[英]How can I test concurrency using ThreadPoolExecutor?
I have written a program that I would like to use concurrency on and I have implemented it but I am having a hard time testing to see if it will actually spin up more threads than just one.我编写了一个程序,我想在其上使用并发并且我已经实现了它,但是我很难测试它是否真的会启动更多的线程而不是一个。 Does anyone have any suggestions?
有没有人有什么建议? I am just trying to see if this code will ever use 2,3,4,5 workers.
我只是想看看这段代码是否会使用 2、3、4、5 个工人。
def read_files():
t0 = time.process_time()
cols = ['fname', ' lname', ' age']
path = 'data'
files = glob.glob(os.path.join(path, "*.csv"))

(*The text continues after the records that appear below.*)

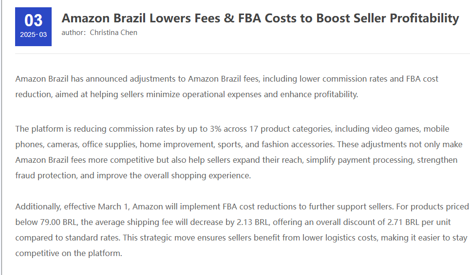 2024年2月,亚马逊巴西站接连出台两项关键政策:针对手机、家居、服装等17个核心类目实施最高3%的佣金下调,同时对价值低于79雷亚尔(约合110元人民币)的商品降低FBA物流费用。这两项措施直接降低卖家综合运营成本约5%,标志着亚马逊在巴西市场的战略升级。据官方披露,新政策将覆盖平台7.8万名卖家,涉及1840万件商品。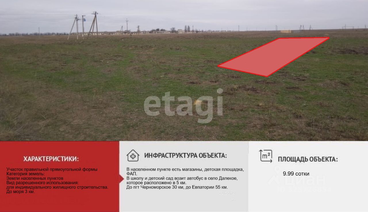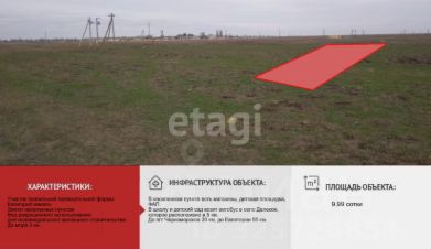 Продается отличный участок правильной формы, площадью 9.99 соток, в с. Владимировка, Черноморского района.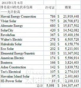 中國(guó)儲(chǔ)能網(wǎng)訊:不久前,太陽(yáng)能發(fā)電行業(yè)是瓦胡島最熱門的建筑行業(yè)。今天,它沉沒了。根據(jù)Honolulu市、縣規(guī)劃許可部門提供的2014年1月到6月光伏發(fā)電系統(tǒng)許可數(shù)據(jù),已發(fā)布光伏許可總數(shù)比去年同期下降了43%,且項(xiàng)目總值下降了50%以上。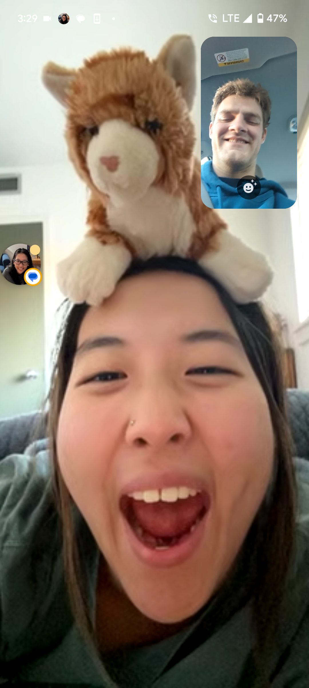 Here you will find many of my favorite cathats. This is a tradition started by Liz when she started putting the stuffed cat Tabby I gave her on top of her head. This simple act filled me with joy. Now without further ado, please enjoy the many faces of cathat!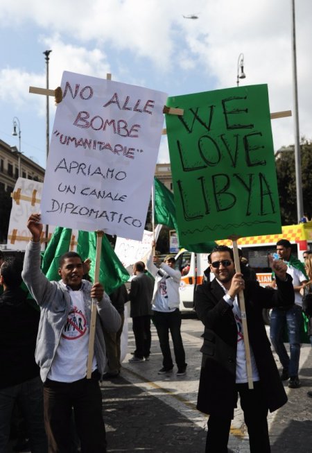 İtalya'nın başkenti Roma'da bulunan Republic Plaza'da koalisyon güçlerinin Libya'ya yönelik saldırıları protesto edildi.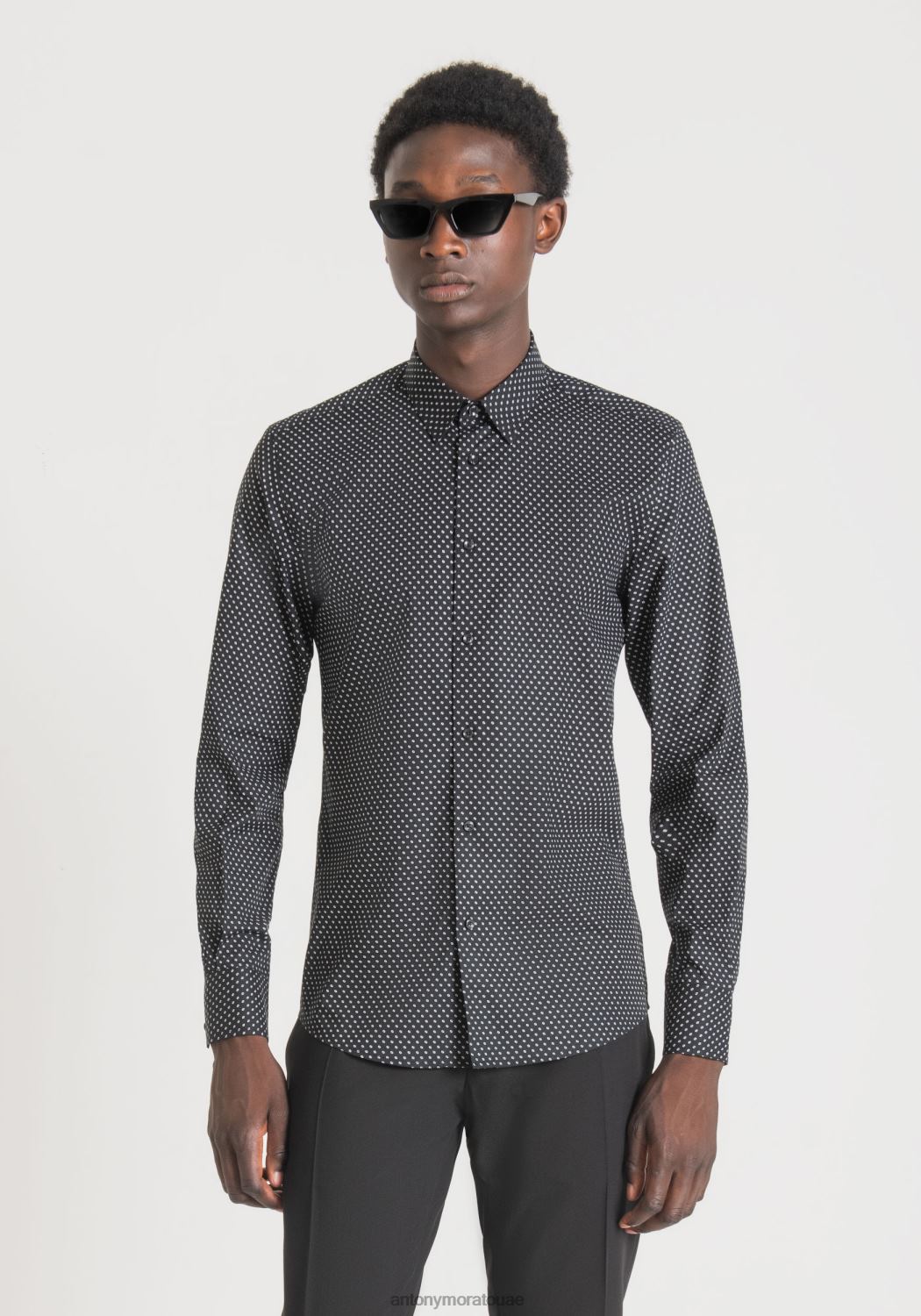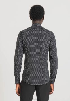 ملابس Antony Morato قميص نابولي بقصة ضيقة من القطن المطبوع أسود رجال JVZ22107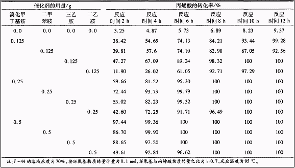 2.2催化剂种类、用量及反应时间对丙烯酸转化率的影响 研究了溴化四丁基铵,二甲苯胺、三乙胺和二乙胺等催化剂及其用量以及反应时间对丙烯酸转化率的影响,结果见表1。 表1催化剂种类、用量及反应时间对丙烯酸转化率的影响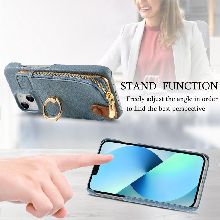 Funda Trasera para iPhone 13 con Billetera, Cremallera y Anillo de Cuero Litchi (Azul Claro)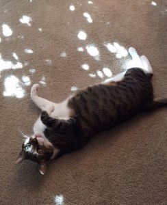 And I don’t lack for company. My three tabby cats, who normally lie around day and night, have suddenly decided they need yoga too. This is new! Mom sits on couch or lies on bed and we snuggle in close, but this body swinging and bending and legs swinging in air is too much! Must investigate. Must emulate. Underfoot, yes, but graceful.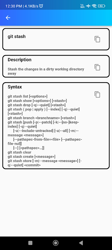 Apl ini direka untuk membantu Pembangun dan pelajar kejuruteraan mempelajari arahan yang mereka perlukan dengan cepat dan mudah. Ia termasuk perpustakaan komprehensif lebih daripada 200 arahan Git yang biasa digunakan, disusun mengikut kategori untuk navigasi mudah. Selain itu, setiap arahan mempunyai penerangan terperincinya sendiri supaya anda boleh memahami dengan lebih baik cara ia berfungsi sebelum menggunakannya sendiri.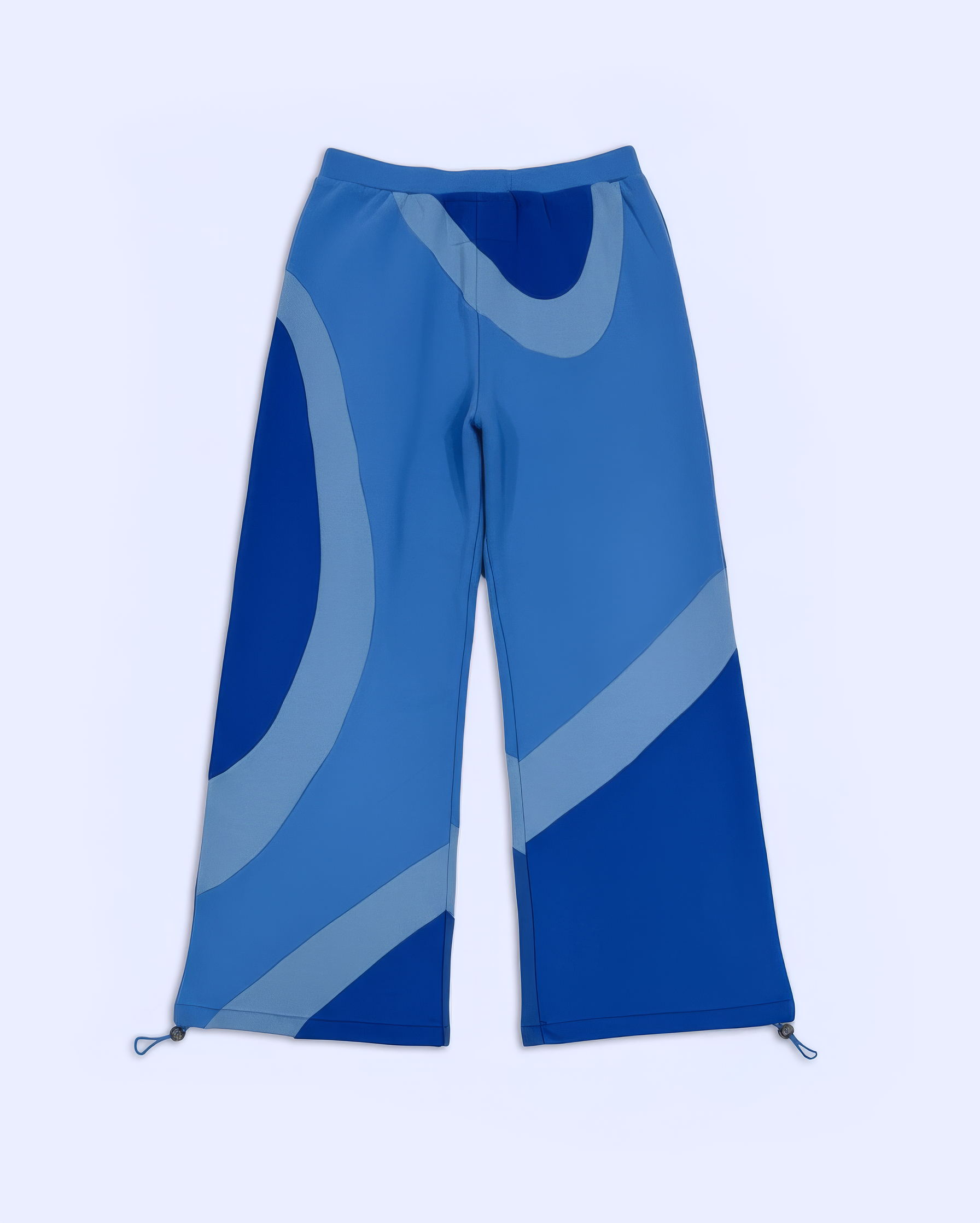 Organic Cotton French Terry 480 GSM (heavyweight). Elastic Waistband with Adjustable Drawstring. Sculpted Seam Details on Front. Wide-Leg Boxy Fit. Adjustable Hem with Cord Stoppers. Embroidered Logo on Front. Hidden Side Pockets. Contrast Blue Inner Label.

# with open('data/url') as f:
# for line in f:
# files.append(line.rstrip('\n'))
bad_files = []
df_list = []
for file in files:
try:
temp = pd.read_csv(file)
if temp.columns.to_list() == cols:
df_list.append(temp)
else:
bad_files.append(file)
except ParserError as pe:
bad_files.append(file)
logging.error(f'Parsing Error on {file}. Error: {pe}')
except ValueError as ve:
logging.error(f'Value error on reading the csv: {temp}, error: {ve}')
bad_files.append(file)
except urllib.error.HTTPError as he:
bad_files.append(file)
logging.error(f'Http Error {he}, Code {he.code}')
except Exception as e:
bad_files.append(file)
logging.error(f'Error grabbing data from given {file} possible HTTP error. Error: {e}')
print(f'Files that were not read {bad_files}')
df = pd.concat(df_list)
t1 = time.process_time()
print(f'It took {t1 - t0} seconds, to read and fill the dataframe.')
return df
def run_calculations(df):
if len(df.index) % 2 == 0:
print(f'Even number of entries, pandas median() method will add both middle numbers and find the average.')
average = round(df[' age'].mean())
median = df[' age'].median()
names_arr = df[df[' age'] == median].values[0]
fname = names_arr[0]
lname = names_arr[1]
print(f'The Average Age is {int(average)}, The Median Age is {int(median)}. {fname} {lname} is {int(median)}')
if __name__ == '__main__':
with concurrent.futures.ThreadPoolExecutor(max_workers=5) as executor:
executor.submit(run_calculations(read_files()))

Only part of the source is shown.